DEFINITION: Message Data Structure

{
   // message text
   // optional (not needed for messages of type READ_RECEIPT, DELETE_REQUEST, and RESEND_REQUEST)
   message?: string,
   // metadata added to the message.
   metadata: MessageMetadata,
   // message attachments e.g. images as an array of URIs
   // (optional)
   attachments?: string[],
   //the signature of the sender
   // sign( sha256( safe-stable-stringify( struct_without_sig ) ) )
   signature: string
}

2.2.3. Message Metadata Structure

The message metadata structure stores all meta information belonging to a message. While some attributes are mandatory, others are optional. If needed, application-specific meta information may be added, too.

The message metadata structure contains the following information:

• To: The ENS name the message is sent to.

• From: The ENS name of the sender

• Timestamp: The timestamp (unixtime in milliseconds) when the message was created.

• Type: Different types of messages can be sent. A dm3 compatible messenger may not support all types in the UI but must at least handle not interpreted types meaningful (example: the messenger doesn’t support editing existing messages. It appends messages with the type EDIT as new messages at the bottom of the conversation).

  • NEW: A new message.

  • DELETE_REQUEST: (OPTIONAL) This is a service message. The sender wants the referenced message deleted. The value referenceMessageHash points to the message to be deleted. If the receiver’s messenger doesn’t support the deletion of messages, it may ignore the message.

  • EDIT: (OPTIONAL) An already existing (old) message was edited (new version). The value referenceMessageHash points to the message to be replaced with a new version. If edit is not supported by the receiver’s messenger, the message must be added as new.

  • REPLY: (OPTIONAL) This message is a direct reply to an existing message. The value referenceMessageHash points to the referenced message. If threads/references are not supported, it must be added as a new message.
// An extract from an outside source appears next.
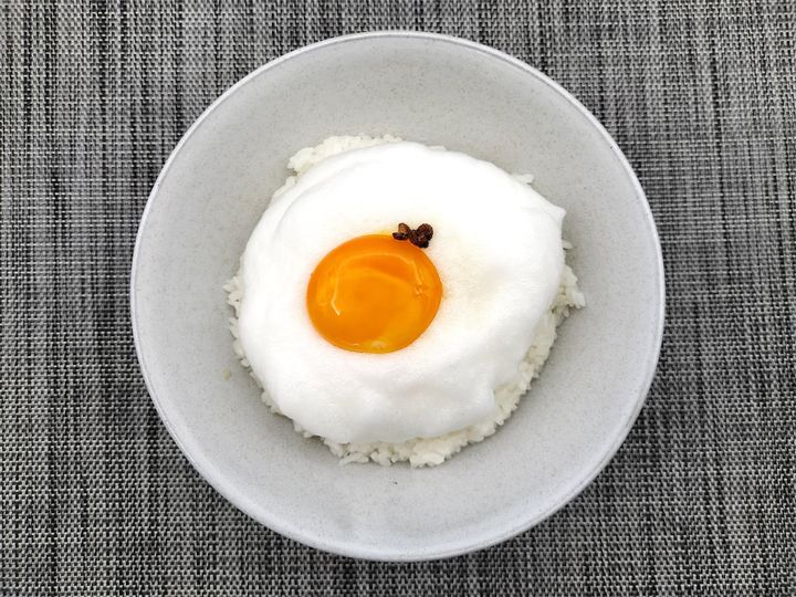 急いでタレをかけ、メレンゲ状の白身と黄身を乗せてすぐに口へ運んでみると…。メレンゲのフワフワとした非常に軽い食感と、炊き立てのご飯がゴマ油の香りと黄身の濃厚さに包まれ、やさしいタレの味を感じながらも米と卵のおいしさが際立つ卵かけご飯が出来上がりました。砂糖は多めで甘さを感じますが、花椒が邪魔をしない程度のアクセントとなっていて、とてもふわふわで食べやすく仕上がったのが印象的でした。

  • REACTION: (OPTIONAL) This is a short referenced message, containing an emoji as a message, and the value referenceMessageHash points to the referenced message.

  • READ_RECEIPT: (OPTIONAL) This is a service message. The receiver sends this message back to the sender to signal that the message was received and displayed. Sending this message is optional and it may be ignored.

  • RESEND_REQUEST: (OPTIONAL) This is a service message. The value referenceMessageHash points to the referenced message. If possible (=available), the referenced message should be sent again.

• Reference Message Hash: (OPTIONAL) The hash of a previous message that the new one references. Must be set for message types (REPLY, DELETE_REQUEST, EDIT, REACTION, RESEND_REQUEST).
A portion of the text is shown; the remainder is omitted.